| Work to complete |
Within the lines below, the span from the line with "Face card DS-K1T671M" to the line with "Компания позиционируется как", both ends included, is to be reproduced exactly, with pictures omitted.

____ Recorded data

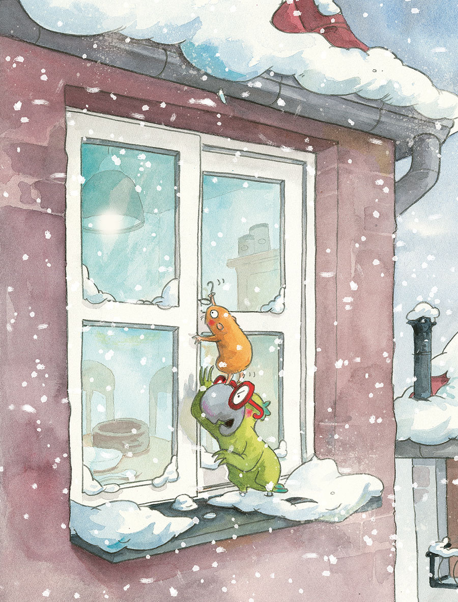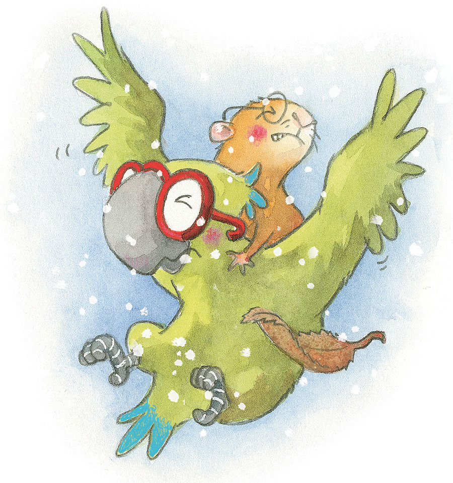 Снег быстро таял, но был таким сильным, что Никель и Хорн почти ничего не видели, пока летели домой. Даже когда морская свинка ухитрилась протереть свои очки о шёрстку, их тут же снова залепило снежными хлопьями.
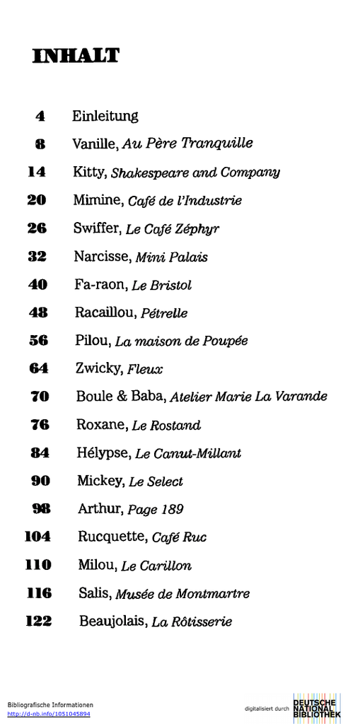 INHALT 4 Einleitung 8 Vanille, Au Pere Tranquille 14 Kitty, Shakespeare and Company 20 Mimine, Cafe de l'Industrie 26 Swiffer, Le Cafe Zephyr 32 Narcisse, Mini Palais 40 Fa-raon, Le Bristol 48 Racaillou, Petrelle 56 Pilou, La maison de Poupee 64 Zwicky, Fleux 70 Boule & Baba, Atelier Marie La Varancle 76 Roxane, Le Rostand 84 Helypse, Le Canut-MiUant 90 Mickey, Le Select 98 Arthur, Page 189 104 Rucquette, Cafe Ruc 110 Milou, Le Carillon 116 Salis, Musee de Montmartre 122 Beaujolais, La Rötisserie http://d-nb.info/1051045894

________
____ Recorded data

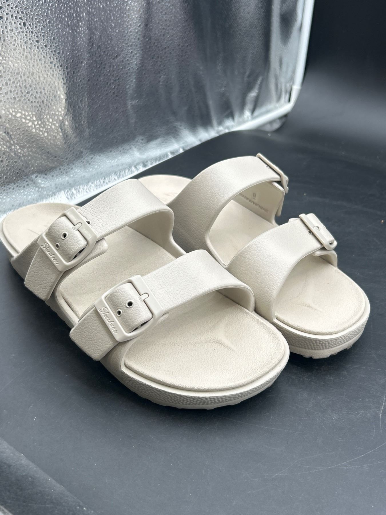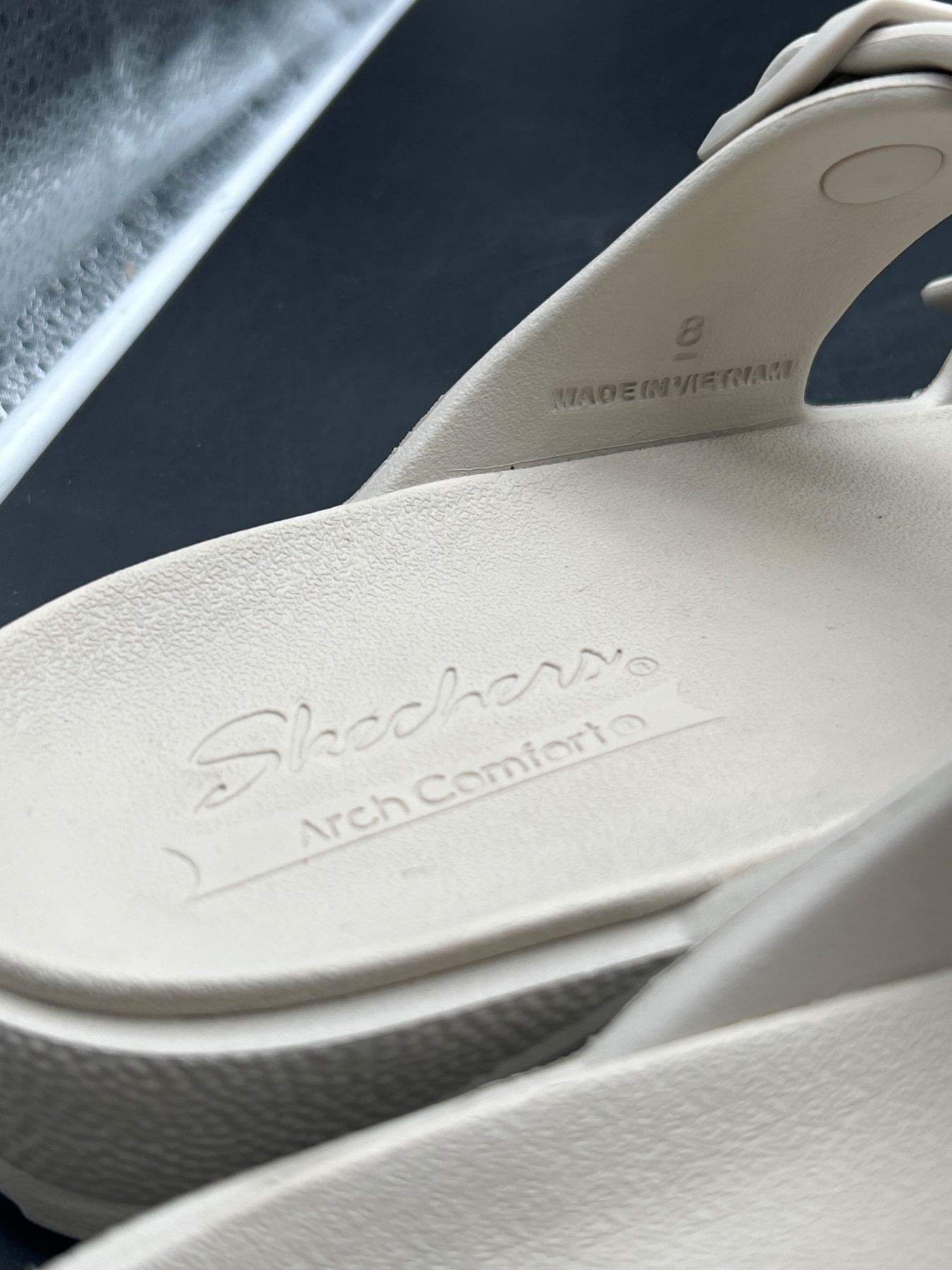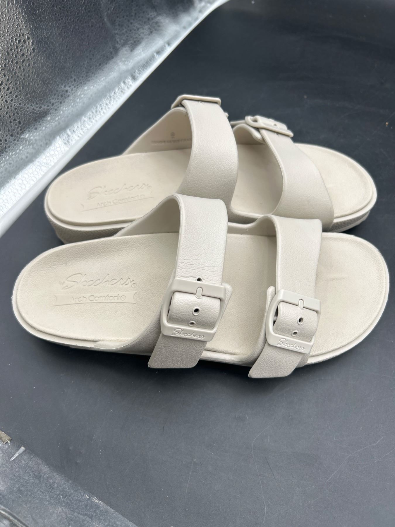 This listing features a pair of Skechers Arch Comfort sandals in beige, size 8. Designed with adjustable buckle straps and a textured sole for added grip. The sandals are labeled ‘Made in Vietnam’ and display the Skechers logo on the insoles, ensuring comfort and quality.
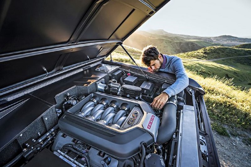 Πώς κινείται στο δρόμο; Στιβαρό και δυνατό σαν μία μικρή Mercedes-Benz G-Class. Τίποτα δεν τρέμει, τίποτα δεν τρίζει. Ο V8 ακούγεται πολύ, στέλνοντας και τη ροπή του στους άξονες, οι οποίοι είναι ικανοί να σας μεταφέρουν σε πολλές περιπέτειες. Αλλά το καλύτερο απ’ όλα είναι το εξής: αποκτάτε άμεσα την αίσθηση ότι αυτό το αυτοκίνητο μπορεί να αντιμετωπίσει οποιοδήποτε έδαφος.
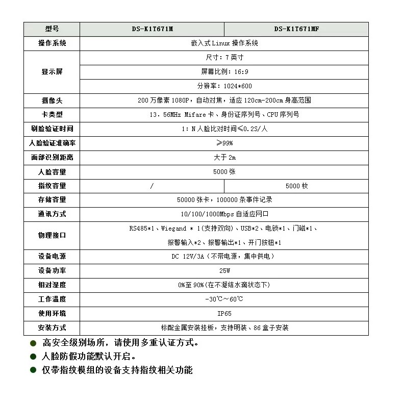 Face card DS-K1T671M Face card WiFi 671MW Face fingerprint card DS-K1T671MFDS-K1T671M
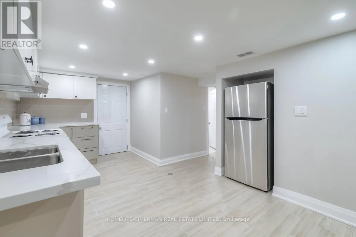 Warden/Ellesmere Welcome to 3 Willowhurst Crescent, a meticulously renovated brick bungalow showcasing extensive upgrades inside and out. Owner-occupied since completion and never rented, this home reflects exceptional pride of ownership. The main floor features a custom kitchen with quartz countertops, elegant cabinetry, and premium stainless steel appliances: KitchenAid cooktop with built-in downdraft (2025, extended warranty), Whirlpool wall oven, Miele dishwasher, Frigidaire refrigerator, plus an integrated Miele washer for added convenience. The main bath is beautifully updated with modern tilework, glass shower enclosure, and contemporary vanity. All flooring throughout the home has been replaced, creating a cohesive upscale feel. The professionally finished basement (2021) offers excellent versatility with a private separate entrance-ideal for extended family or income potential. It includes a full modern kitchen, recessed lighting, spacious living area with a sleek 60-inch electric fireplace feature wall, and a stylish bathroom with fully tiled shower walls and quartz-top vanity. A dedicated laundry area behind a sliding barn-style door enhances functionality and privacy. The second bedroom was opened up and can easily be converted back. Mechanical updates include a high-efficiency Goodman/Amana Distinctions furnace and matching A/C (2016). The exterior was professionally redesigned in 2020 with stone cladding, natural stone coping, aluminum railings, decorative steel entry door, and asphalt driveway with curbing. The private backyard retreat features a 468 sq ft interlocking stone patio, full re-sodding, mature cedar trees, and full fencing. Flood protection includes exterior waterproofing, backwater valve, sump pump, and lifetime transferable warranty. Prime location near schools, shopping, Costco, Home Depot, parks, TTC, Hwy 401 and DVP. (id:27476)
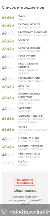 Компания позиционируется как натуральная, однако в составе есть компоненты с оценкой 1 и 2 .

________

| Expected output |
 Face card DS-K1T671M Face card WiFi 671MW Face fingerprint card DS-K1T671MFDS-K1T671M
 Warden/Ellesmere Welcome to 3 Willowhurst Crescent, a meticulously renovated brick bungalow showcasing extensive upgrades inside and out. Owner-occupied since completion and never rented, this home reflects exceptional pride of ownership. The main floor features a custom kitchen with quartz countertops, elegant cabinetry, and premium stainless steel appliances: KitchenAid cooktop with built-in downdraft (2025, extended warranty), Whirlpool wall oven, Miele dishwasher, Frigidaire refrigerator, plus an integrated Miele washer for added convenience. The main bath is beautifully updated with modern tilework, glass shower enclosure, and contemporary vanity. All flooring throughout the home has been replaced, creating a cohesive upscale feel. The professionally finished basement (2021) offers excellent versatility with a private separate entrance-ideal for extended family or income potential. It includes a full modern kitchen, recessed lighting, spacious living area with a sleek 60-inch electric fireplace feature wall, and a stylish bathroom with fully tiled shower walls and quartz-top vanity. A dedicated laundry area behind a sliding barn-style door enhances functionality and privacy. The second bedroom was opened up and can easily be converted back. Mechanical updates include a high-efficiency Goodman/Amana Distinctions furnace and matching A/C (2016). The exterior was professionally redesigned in 2020 with stone cladding, natural stone coping, aluminum railings, decorative steel entry door, and asphalt driveway with curbing. The private backyard retreat features a 468 sq ft interlocking stone patio, full re-sodding, mature cedar trees, and full fencing. Flood protection includes exterior waterproofing, backwater valve, sump pump, and lifetime transferable warranty. Prime location near schools, shopping, Costco, Home Depot, parks, TTC, Hwy 401 and DVP. (id:27476)
 Компания позиционируется как натуральная, однако в составе есть компоненты с оценкой 1 и 2 .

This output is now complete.